[Supplied material Boundary: Start]
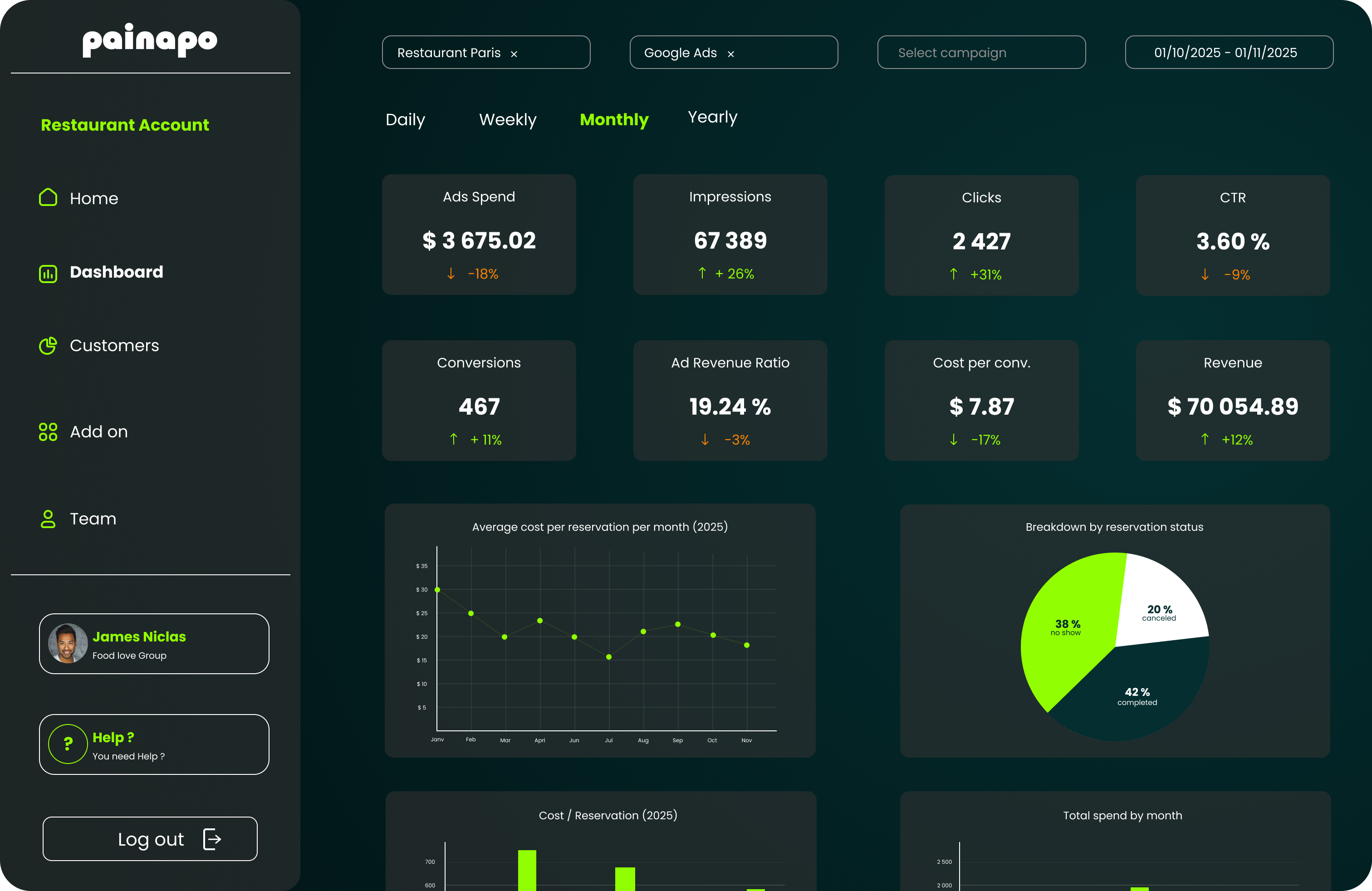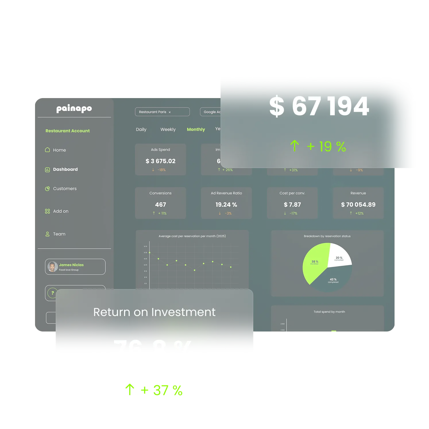 Connected to your reservation system, Painapo tracks every conversion all the way to the plate. Make decisions that truly boost your profitability
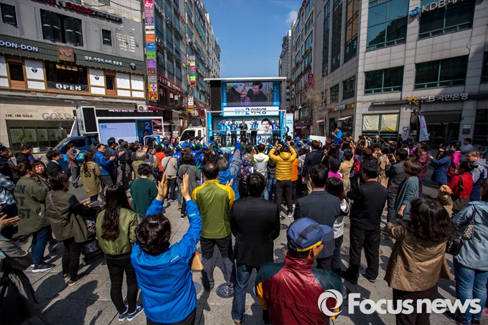 (군포=포커스뉴스) 문재인 더불어민주당 전 대표가 7일 오전 경기도 군포시 산본중심상가를 방문해 유권자들에게 이학영 군포시을 후보, 김정우 군포시갑 후보 지지를 호소 하고 있다.
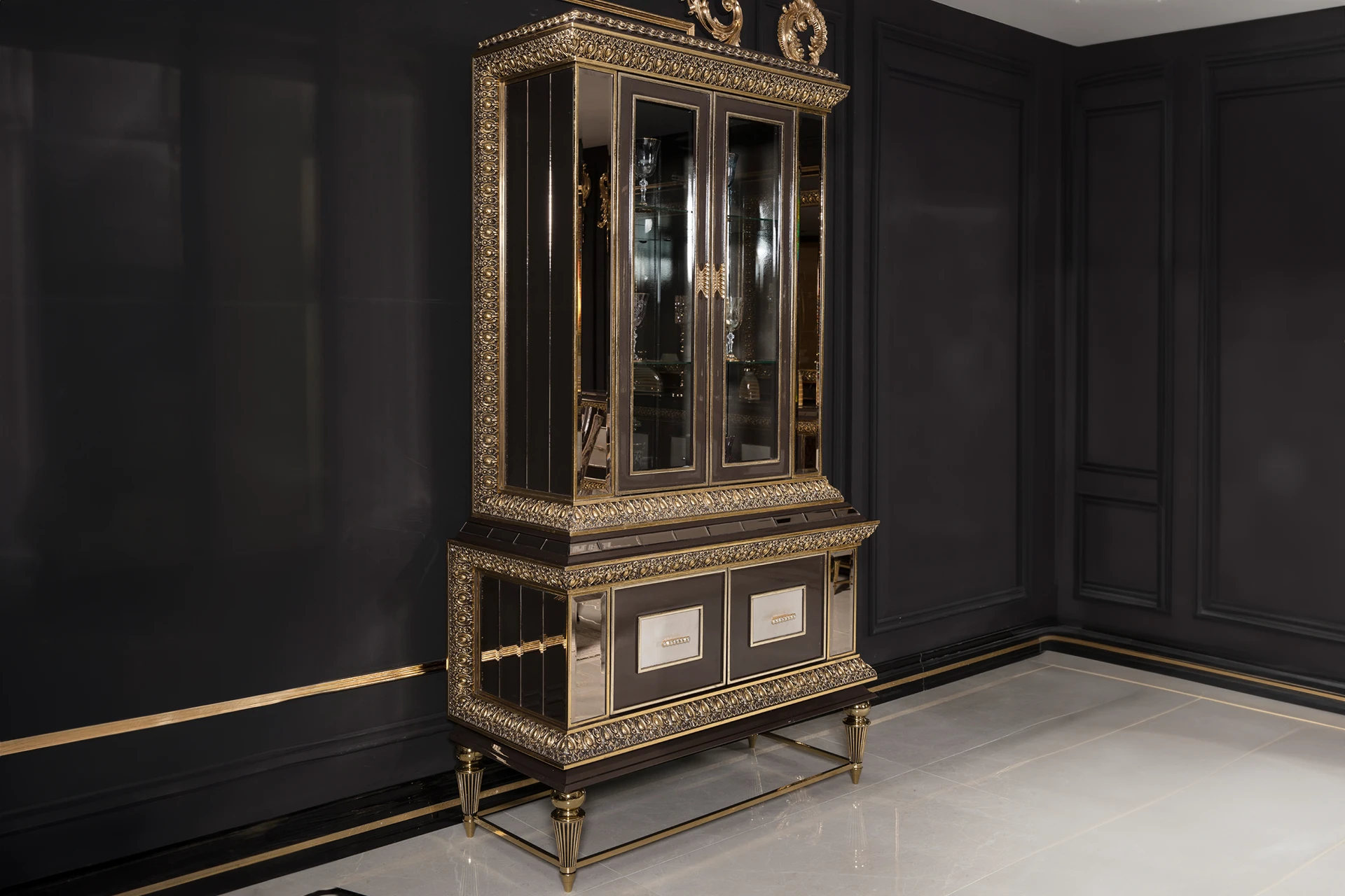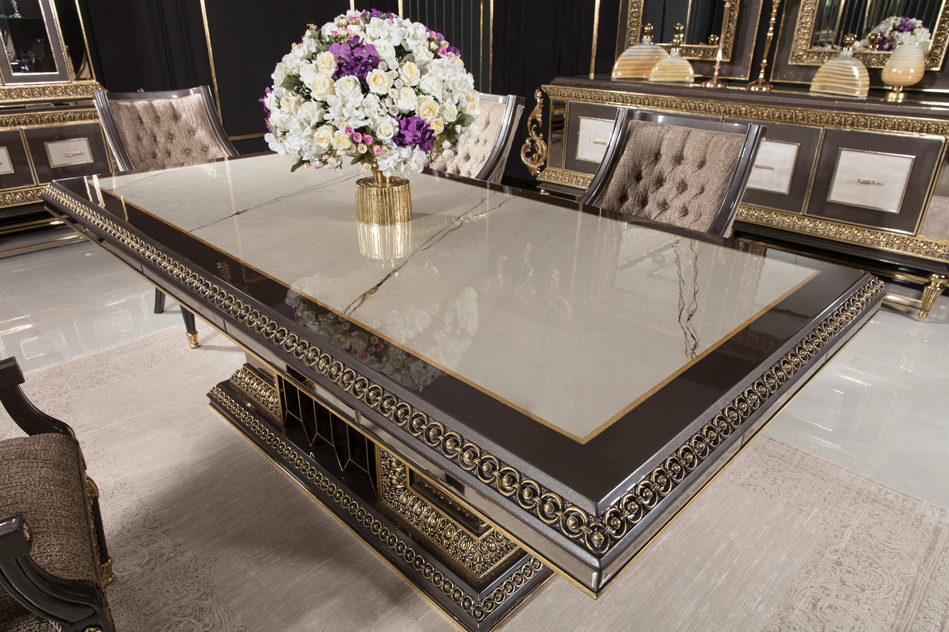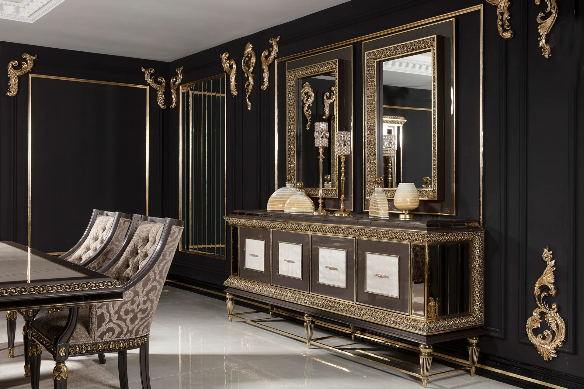 The Emirgan dining room set is a masterpiece of refined luxury. It features a grand dining table with a glossy, mirrored surface and intricate golden accents, giving it an opulent yet modern feel. The table’s base is adorned with detailed carvings, while the chairs boast elegant upholstery with tufted backs and a sophisticated pattern, adding both comfort and style. The matching buffet and glass cabinet continue the theme of luxury, incorporating mirrored panels, ornate carvings, and gold trim. This set creates an ambiance of regal dining, perfect for those who seek a timeless yet contemporary aesthetic in their home.
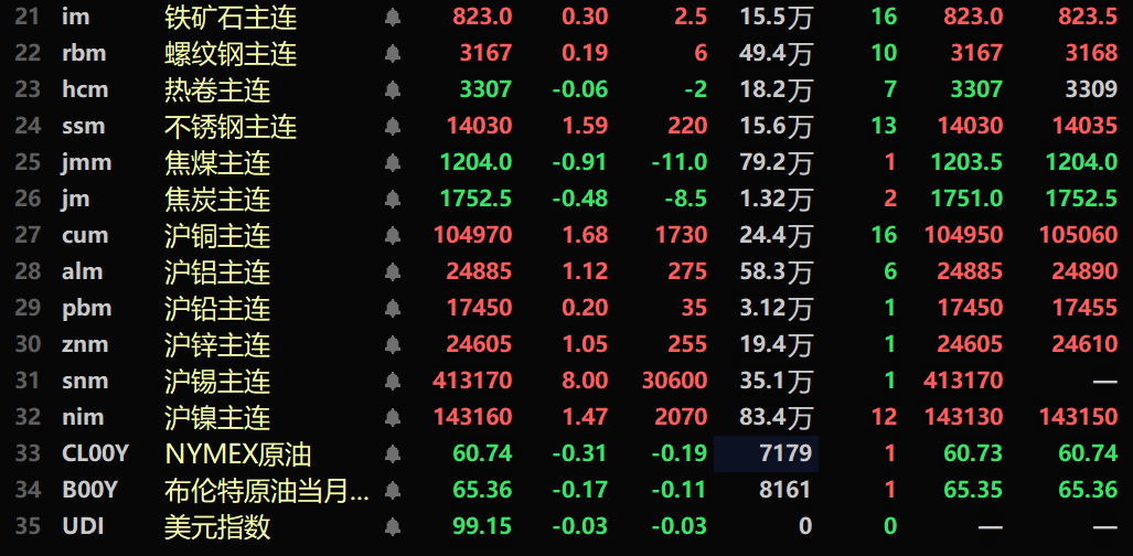 截至午间收盘,内盘基本金属全线上涨,沪铜涨1.68%,盘中刷新历史新高至105650元/吨。沪铝涨1.12%。沪铅涨0.2%,沪锌涨1.05%。沪锡以8%的涨幅涨停,盘中刷新历史新高至413170元/吨。沪镍涨1.47%。
[Supplied material Boundary: End]
Exercise details: All lines from the line containing "The Emirgan dining" through the end of the listing above are to be given again exactly; pictures are not part of the copy.

Answer to this task:
 The Emirgan dining room set is a masterpiece of refined luxury. It features a grand dining table with a glossy, mirrored surface and intricate golden accents, giving it an opulent yet modern feel. The table’s base is adorned with detailed carvings, while the chairs boast elegant upholstery with tufted backs and a sophisticated pattern, adding both comfort and style. The matching buffet and glass cabinet continue the theme of luxury, incorporating mirrored panels, ornate carvings, and gold trim. This set creates an ambiance of regal dining, perfect for those who seek a timeless yet contemporary aesthetic in their home.
 截至午间收盘,内盘基本金属全线上涨,沪铜涨1.68%,盘中刷新历史新高至105650元/吨。沪铝涨1.12%。沪铅涨0.2%,沪锌涨1.05%。沪锡以8%的涨幅涨停,盘中刷新历史新高至413170元/吨。沪镍涨1.47%。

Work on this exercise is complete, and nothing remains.